Working data:

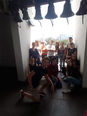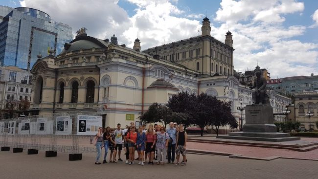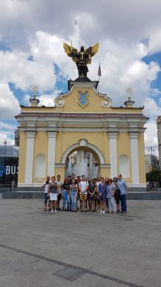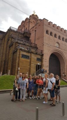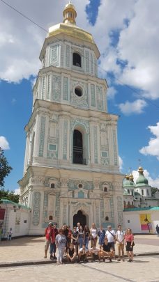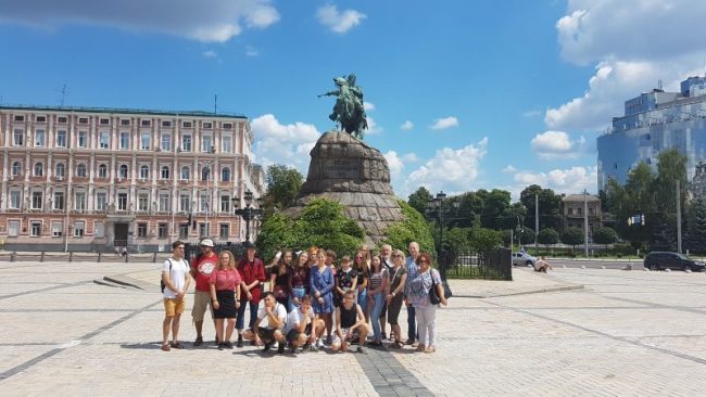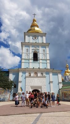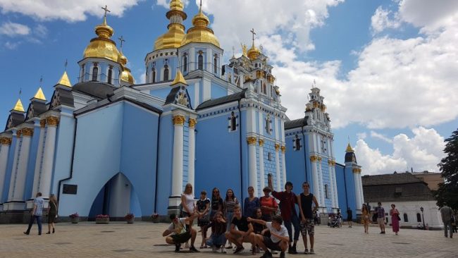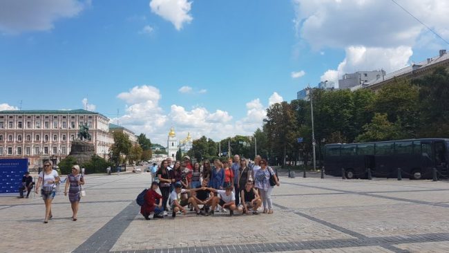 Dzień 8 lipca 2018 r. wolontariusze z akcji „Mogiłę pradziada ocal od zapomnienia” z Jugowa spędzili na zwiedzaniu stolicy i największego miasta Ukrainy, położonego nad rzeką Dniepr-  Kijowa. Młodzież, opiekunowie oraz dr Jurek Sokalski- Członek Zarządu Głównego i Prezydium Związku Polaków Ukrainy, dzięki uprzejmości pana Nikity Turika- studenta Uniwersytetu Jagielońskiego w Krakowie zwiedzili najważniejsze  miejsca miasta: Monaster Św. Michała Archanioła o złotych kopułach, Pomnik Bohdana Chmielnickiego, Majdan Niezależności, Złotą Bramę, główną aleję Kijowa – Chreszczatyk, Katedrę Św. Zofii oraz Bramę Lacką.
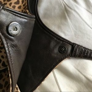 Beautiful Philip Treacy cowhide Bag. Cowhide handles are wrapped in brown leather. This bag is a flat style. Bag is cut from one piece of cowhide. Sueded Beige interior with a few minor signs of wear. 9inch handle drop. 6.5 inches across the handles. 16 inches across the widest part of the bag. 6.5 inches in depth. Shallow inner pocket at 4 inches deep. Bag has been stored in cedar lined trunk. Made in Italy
---
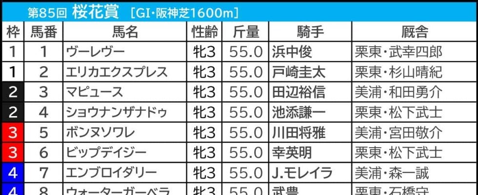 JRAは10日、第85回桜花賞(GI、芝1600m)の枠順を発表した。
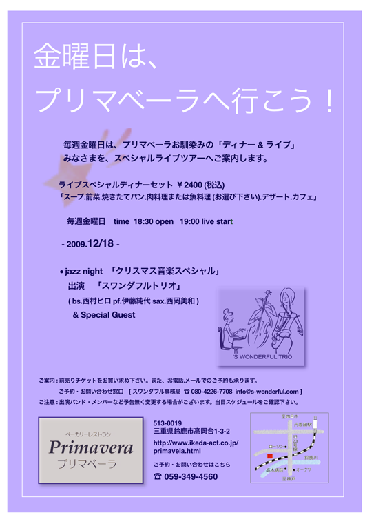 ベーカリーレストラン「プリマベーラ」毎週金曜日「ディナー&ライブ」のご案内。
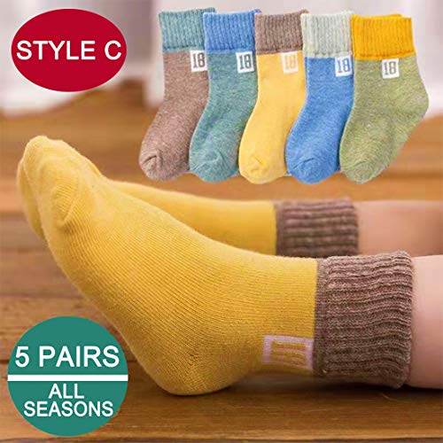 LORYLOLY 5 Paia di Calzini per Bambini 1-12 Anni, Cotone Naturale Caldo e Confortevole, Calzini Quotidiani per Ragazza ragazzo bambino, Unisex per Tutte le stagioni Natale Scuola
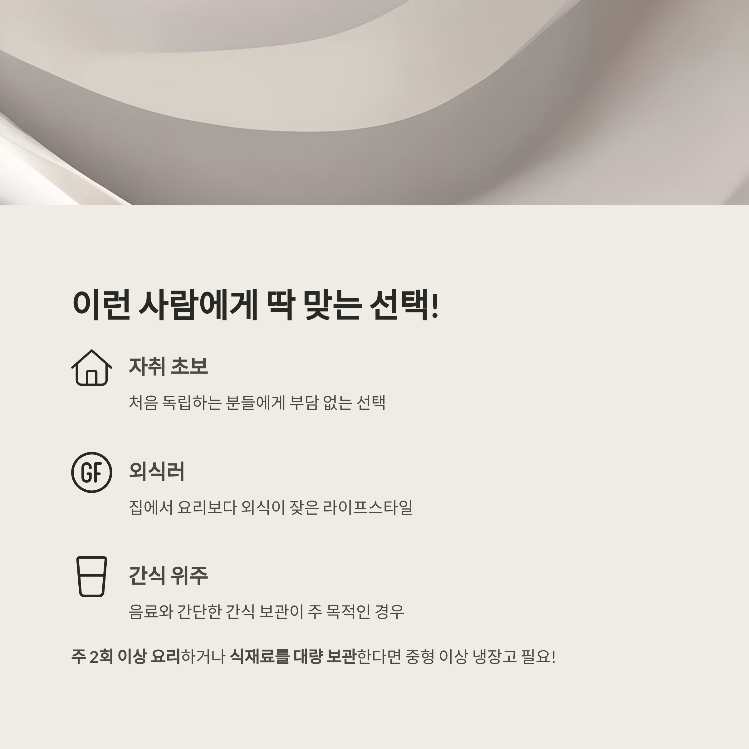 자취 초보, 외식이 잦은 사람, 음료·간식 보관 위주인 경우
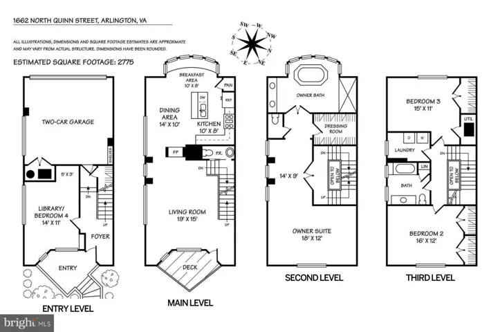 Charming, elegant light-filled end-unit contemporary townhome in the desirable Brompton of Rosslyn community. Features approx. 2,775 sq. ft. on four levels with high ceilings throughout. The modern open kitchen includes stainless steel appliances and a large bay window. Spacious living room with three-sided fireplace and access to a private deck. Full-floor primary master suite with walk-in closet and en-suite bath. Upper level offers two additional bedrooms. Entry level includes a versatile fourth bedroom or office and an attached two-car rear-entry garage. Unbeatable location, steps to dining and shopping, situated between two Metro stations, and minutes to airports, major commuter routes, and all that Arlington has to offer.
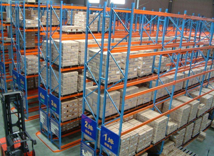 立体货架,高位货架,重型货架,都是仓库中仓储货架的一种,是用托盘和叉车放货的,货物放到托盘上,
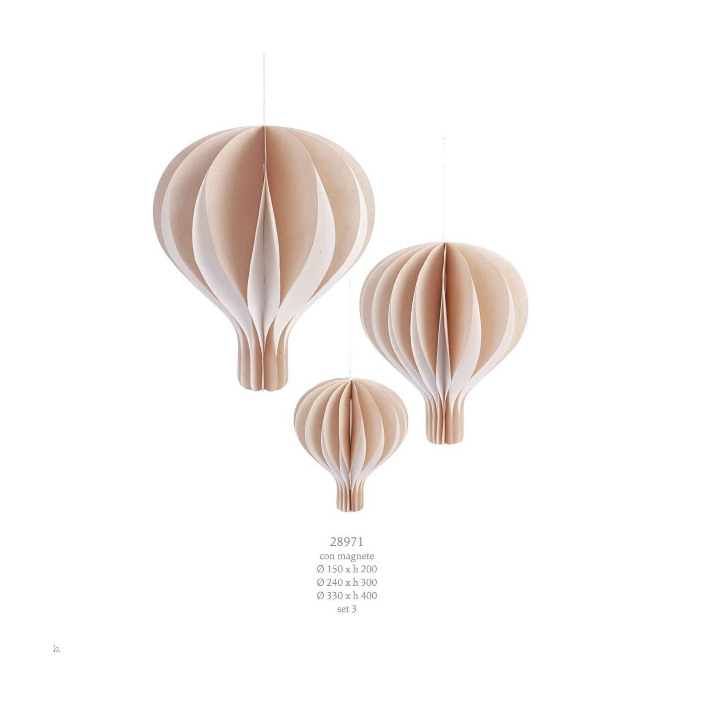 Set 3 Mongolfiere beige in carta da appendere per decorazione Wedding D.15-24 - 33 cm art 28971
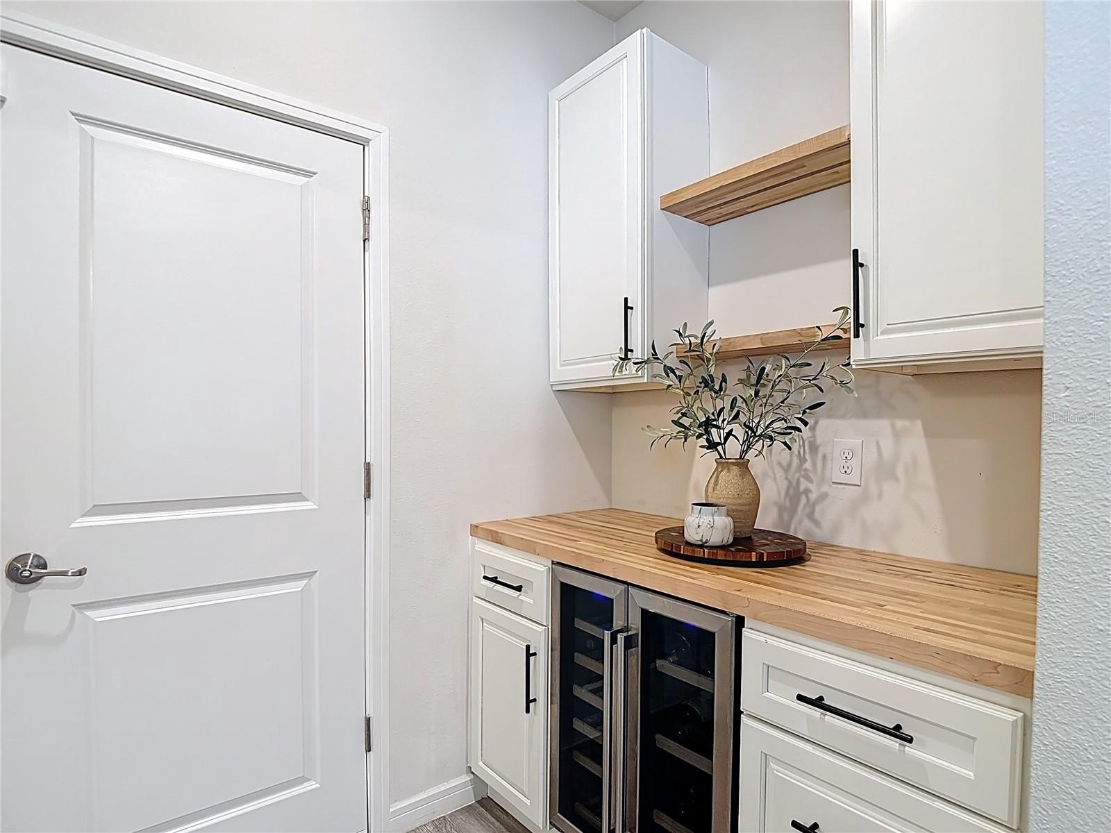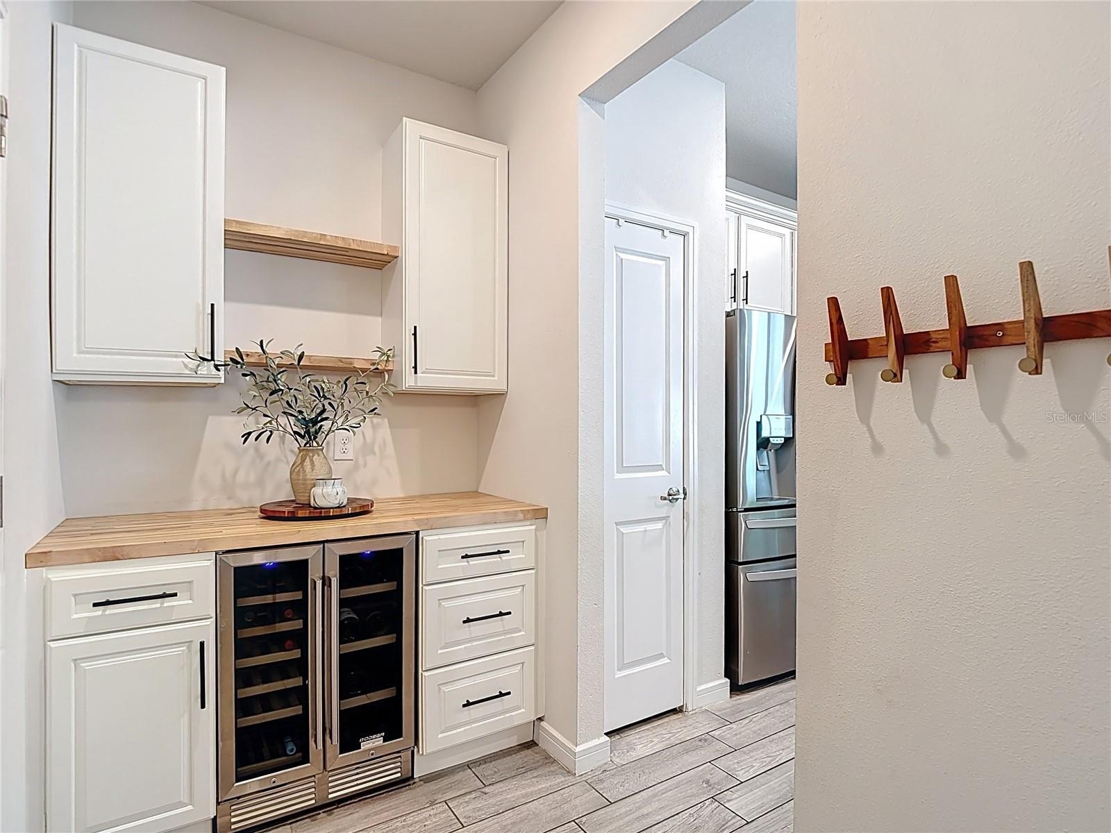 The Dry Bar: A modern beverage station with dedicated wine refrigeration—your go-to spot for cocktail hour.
==
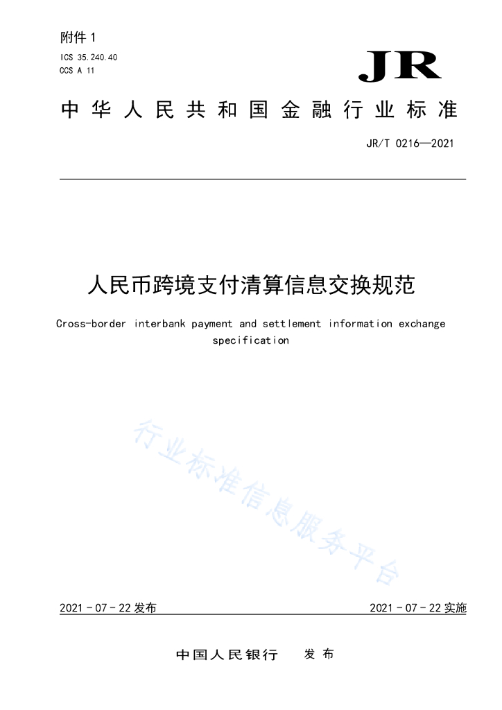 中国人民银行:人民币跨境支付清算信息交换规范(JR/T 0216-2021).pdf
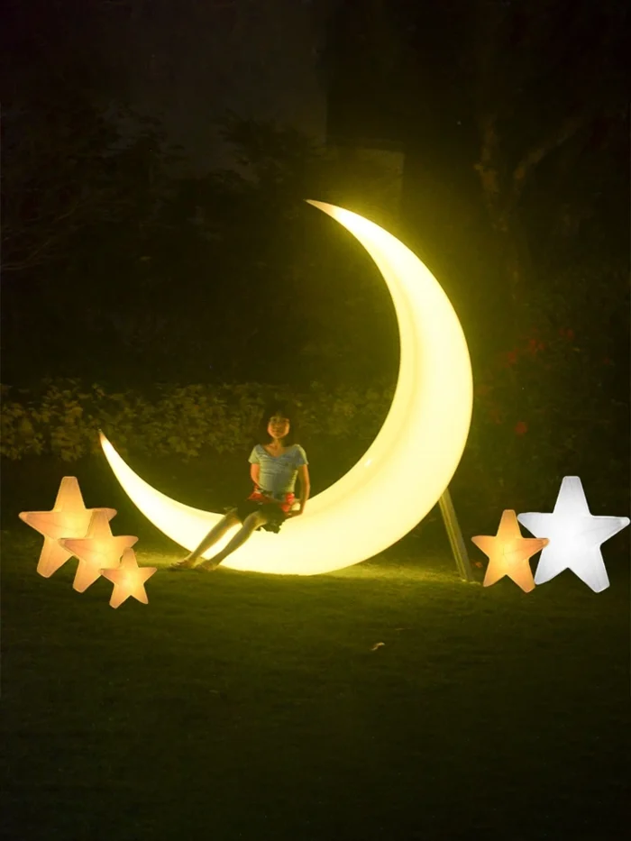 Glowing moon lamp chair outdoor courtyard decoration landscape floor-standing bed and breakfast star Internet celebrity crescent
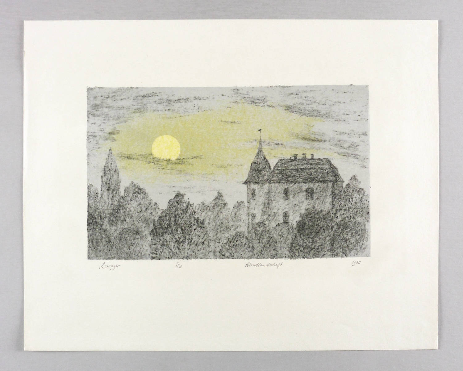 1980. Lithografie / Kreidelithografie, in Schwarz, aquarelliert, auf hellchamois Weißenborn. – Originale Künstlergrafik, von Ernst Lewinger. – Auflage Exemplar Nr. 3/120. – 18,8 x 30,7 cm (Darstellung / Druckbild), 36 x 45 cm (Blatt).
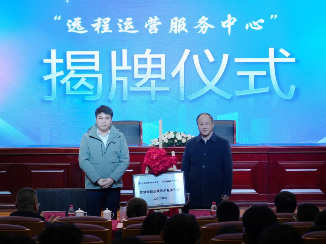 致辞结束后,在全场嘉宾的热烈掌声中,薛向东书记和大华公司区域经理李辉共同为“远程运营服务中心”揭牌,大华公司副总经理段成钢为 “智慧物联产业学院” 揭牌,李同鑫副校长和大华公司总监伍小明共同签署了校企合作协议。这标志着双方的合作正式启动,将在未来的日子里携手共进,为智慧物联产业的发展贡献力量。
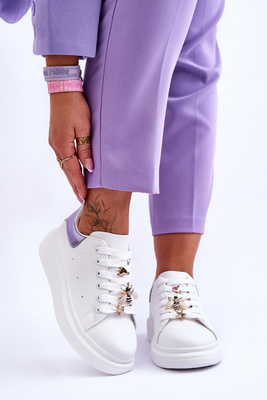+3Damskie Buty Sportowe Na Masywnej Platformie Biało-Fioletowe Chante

What needs to be done:
Using the material above, reproduce only the lines that run from the line with "中国人民银行:人民币跨境支付" up to and including the line with "Glowing moon lamp", exactly, with the pictures dropped.

Expected answer:
 中国人民银行:人民币跨境支付清算信息交换规范(JR/T 0216-2021).pdf
 Glowing moon lamp chair outdoor courtyard decoration landscape floor-standing bed and breakfast star Internet celebrity crescent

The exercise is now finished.